Exercise brief »
Your copy should hold only the lines from the one containing "- Команда (от" through the final line of the entries, exactly as written, with no pictures.

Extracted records
====
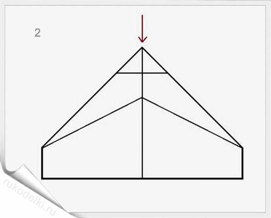 1-2. Формируем продольную линию изгиба так, как мы делали с вышеописанной моделью. Заворачиваем уголки листа по пунктирным линиям.
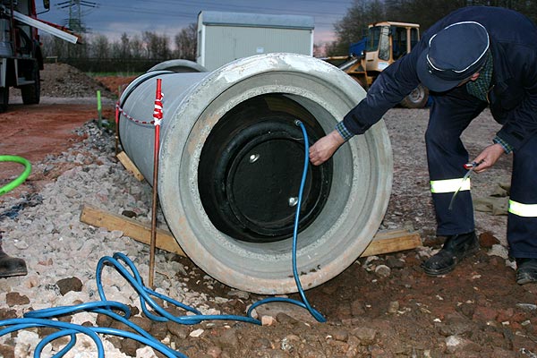 Gemeinsam übten die Löschbezirke Eppelborn und Wiesbach am Dienstag den Einsatz von technischem Gerät auf dem Baugelände zum neuen Gewerbegebiet A1. An verschiedenen Szenarien konnte die Einsatzkräfte dabei den Einsatz unterschiedlicher Geräte zur technischen Hilfeleistung trainieren. Die Anwendung von Kanaldichtkissen, mit denen die Ausbreitung von gefährlichen Flüssigkeiten in die Kanalisation verhindert werden können, wurde an einem Betonrohr gezeigt. Die Kissen werden nach dem Einsetzen mit Pressluft gefüllt und verschließen dabei Öffnungen bis zum einem Durchmesser von 120 Zentimetern. An einer anderen Übungsstelle kamen hydraulische Stockwinden zum Einsatz. Ein Baufahrzeug musste angehoben werden, um eine darunter eingeklemmte Person zu befreien. Ein weiterer Verletzter musste unter umluftunabhängigem Atemschutz aus einem Schacht befreit werden. Dabei wurde auch der Einsatz der Motorsäge geübt, da zuerst ein Baumstamm, der vor dem Einstieg lag, entfernt werden musste. Besonders für die Einsatzkräfte des Löschbezirks Wiesbach war diese Übung lehrreich, da die Geräte zur technischen Hilfeleistung sonst nicht zur Verfügung stehen, so der Wiesbacher Löschbezirksführer Günter Neu. Weitere Übungen dieser Art, die die Zusammenarbeit der Löschbezirke untereinander fördern, werden im Laufe des Jahres noch folgen.
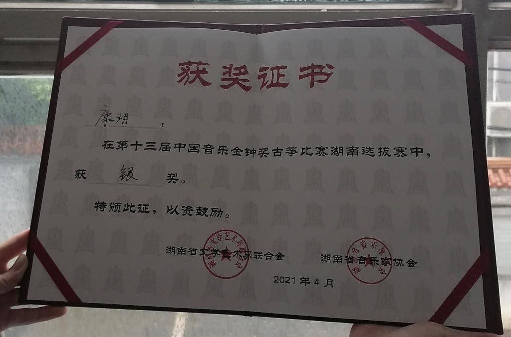 (供稿 吴楠子)第十三届中国音乐金钟奖古筝比赛湖南选拔赛,于2021年4月18日在邵阳学院顺利落下帷幕。yl23455永利集团康玥同学在本次比赛中荣获银奖。
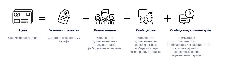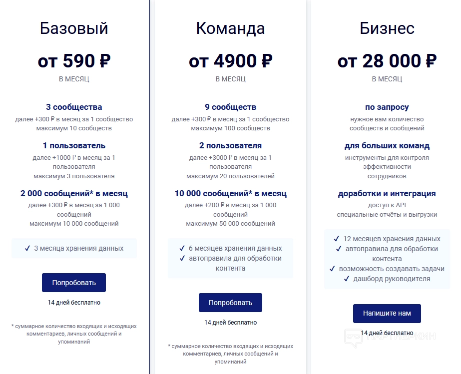 - Команда (от 4 900 рублей в месяц) . Доступно 9 сообществ, 2 пользователя и 10 000 сообщений в месяц.
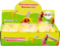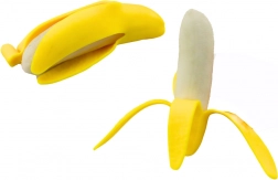 Die gelbe Schale, am Ende geöffnet, zeigt das helle Bananenfruchtfleisch im Inneren, das man drücken, kneten und dehnen kann. Das quetschbare Material ist außergewöhnlich flexibel und langlebig, sodass das Spielzeug auch nach intensiver Nutzung in seine ursprüngliche Form zurückkehrt.
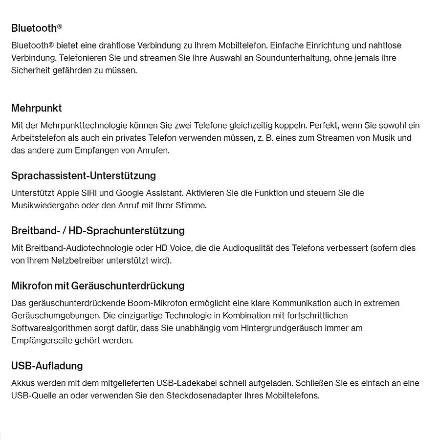 - Bluetooth® Multi-Point zur Verbindung von zwei Smartphones gleichzeitig.
====
Your response »
 - Команда (от 4 900 рублей в месяц) . Доступно 9 сообществ, 2 пользователя и 10 000 сообщений в месяц.
 Die gelbe Schale, am Ende geöffnet, zeigt das helle Bananenfruchtfleisch im Inneren, das man drücken, kneten und dehnen kann. Das quetschbare Material ist außergewöhnlich flexibel und langlebig, sodass das Spielzeug auch nach intensiver Nutzung in seine ursprüngliche Form zurückkehrt.
 - Bluetooth® Multi-Point zur Verbindung von zwei Smartphones gleichzeitig.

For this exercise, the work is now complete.